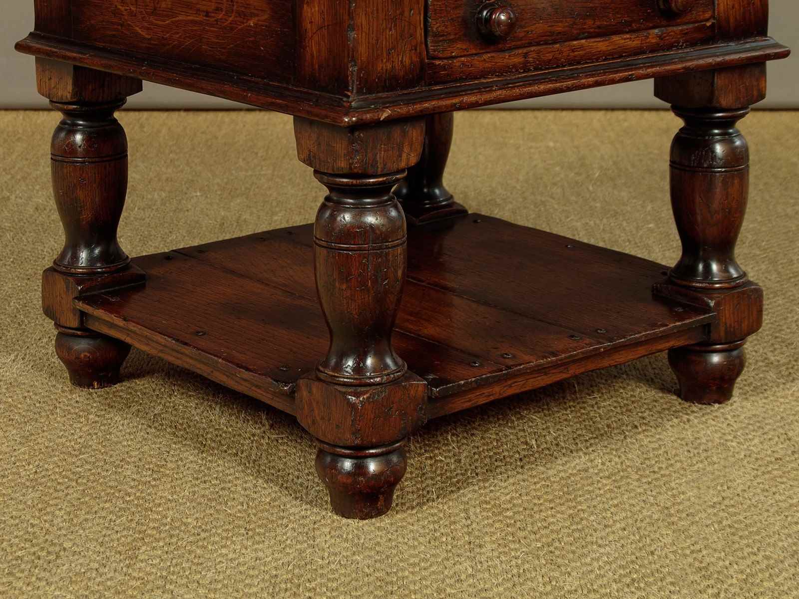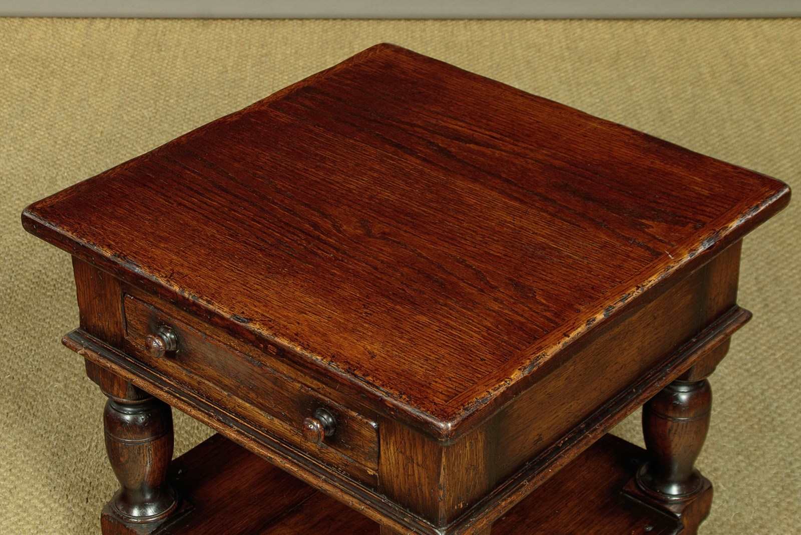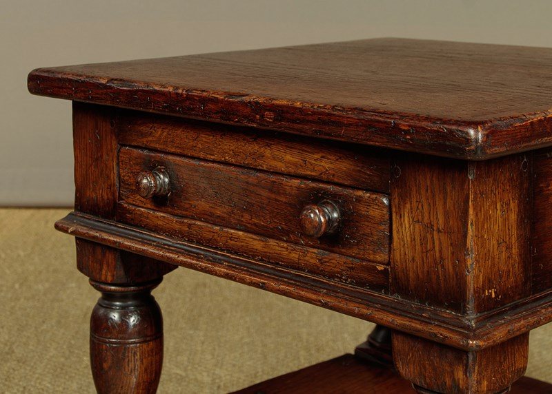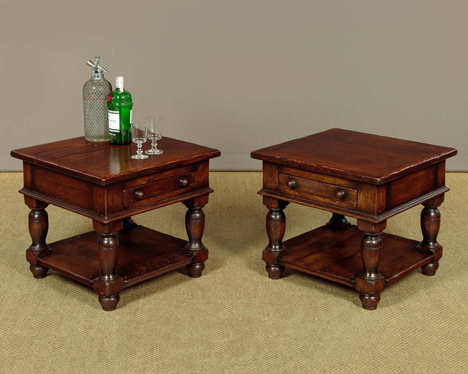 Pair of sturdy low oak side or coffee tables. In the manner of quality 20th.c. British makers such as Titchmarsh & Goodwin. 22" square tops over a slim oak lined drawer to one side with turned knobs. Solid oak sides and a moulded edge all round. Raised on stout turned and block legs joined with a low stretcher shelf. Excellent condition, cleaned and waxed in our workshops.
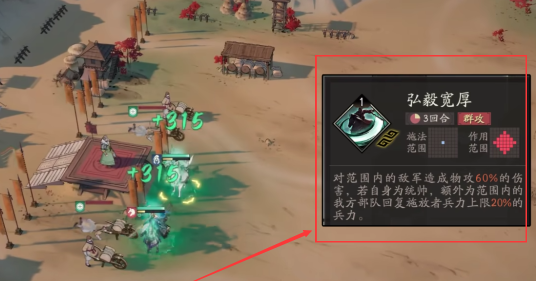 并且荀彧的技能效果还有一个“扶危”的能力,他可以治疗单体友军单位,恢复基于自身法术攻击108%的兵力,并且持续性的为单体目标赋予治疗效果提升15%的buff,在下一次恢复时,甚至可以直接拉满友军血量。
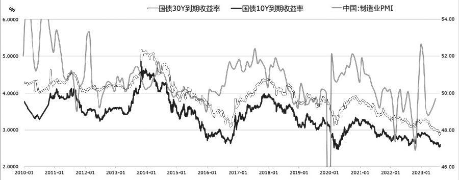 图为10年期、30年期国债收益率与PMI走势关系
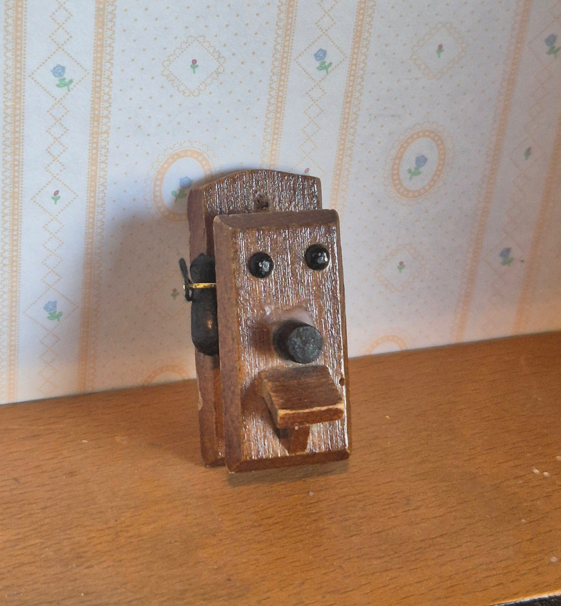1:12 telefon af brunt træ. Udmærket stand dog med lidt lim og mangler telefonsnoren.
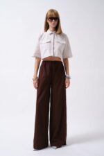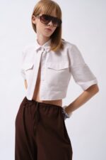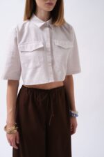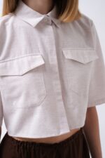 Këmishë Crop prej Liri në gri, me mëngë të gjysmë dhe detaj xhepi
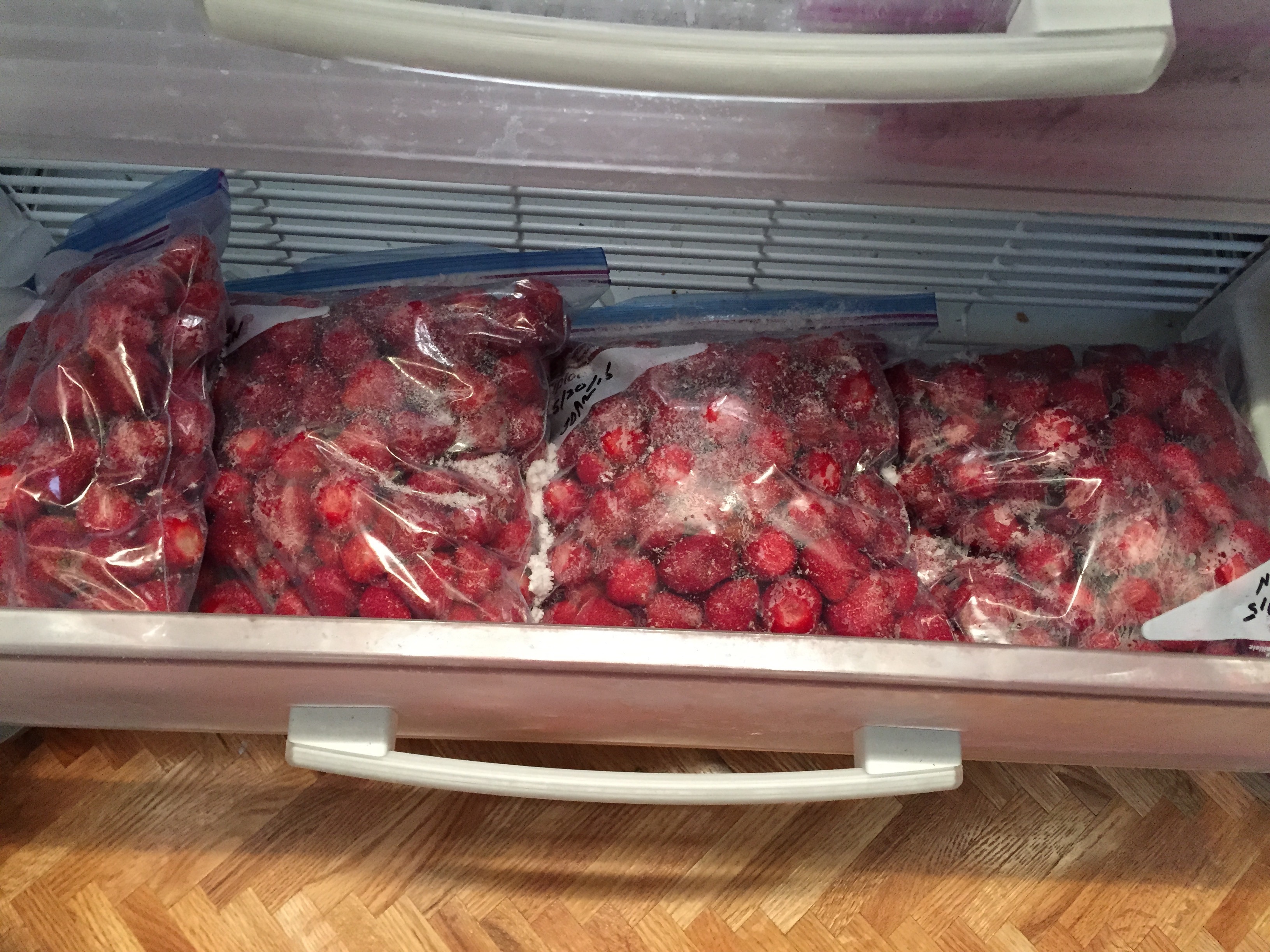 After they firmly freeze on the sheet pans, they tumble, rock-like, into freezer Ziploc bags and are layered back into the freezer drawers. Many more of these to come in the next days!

....................

PROBLEM STATEMENT
Give the data above again, exactly, with every picture removed.

REPLY TO THE EXERCISE
 Pair of sturdy low oak side or coffee tables. In the manner of quality 20th.c. British makers such as Titchmarsh & Goodwin. 22" square tops over a slim oak lined drawer to one side with turned knobs. Solid oak sides and a moulded edge all round. Raised on stout turned and block legs joined with a low stretcher shelf. Excellent condition, cleaned and waxed in our workshops.
 并且荀彧的技能效果还有一个“扶危”的能力,他可以治疗单体友军单位,恢复基于自身法术攻击108%的兵力,并且持续性的为单体目标赋予治疗效果提升15%的buff,在下一次恢复时,甚至可以直接拉满友军血量。
 图为10年期、30年期国债收益率与PMI走势关系
1:12 telefon af brunt træ. Udmærket stand dog med lidt lim og mangler telefonsnoren.
 Këmishë Crop prej Liri në gri, me mëngë të gjysmë dhe detaj xhepi
 After they firmly freeze on the sheet pans, they tumble, rock-like, into freezer Ziploc bags and are layered back into the freezer drawers. Many more of these to come in the next days!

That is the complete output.